このことを覚えておくと、CAE技術者の方は役に立ちますよ。
おまけ:ミーゼス応力は複合的な力を1軸の引張状態に置き換えたものです。
ミーゼス応力の知識を少しだけ。
製品には一方向の力だけではなく、複数の方向から力が生じていますね。
だから単純な引張試験のような強度評価が難しいのです。
つまり、複合的な負荷を受けているけど、『降伏応力を超えているの?』と疑問になるわけなんですね。
そこでミーゼス応力が使用されます。
ミーゼス応力はこれらの多軸の負荷を一軸引張試験に模したものと考えてください。
極端にいうと、複合的な負荷を一軸の力だけで表しているのです。
その指標がミーゼス応力となります。
つまり、ミーゼス応力は多軸の負荷を一軸に変換することで、降伏応力での判断を容易にするものなのです。

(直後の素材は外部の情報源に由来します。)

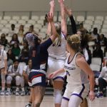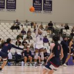 - Tatum Barber, graduate guard, reaches up to catch the ball. (Photo by Meghan Long)

たとえば、降伏応力20MPaの材料に対して、σx=10MPa、σy=5MPa生じているとき降伏応力を超えていますか?
という疑問に対する答えにミーゼス応力が使用されます。
ミーゼス応力に変換すると25MPaになったとすると、降伏応力を超えていますね。
つまり、上記の条件では降伏していると判断できるわけです。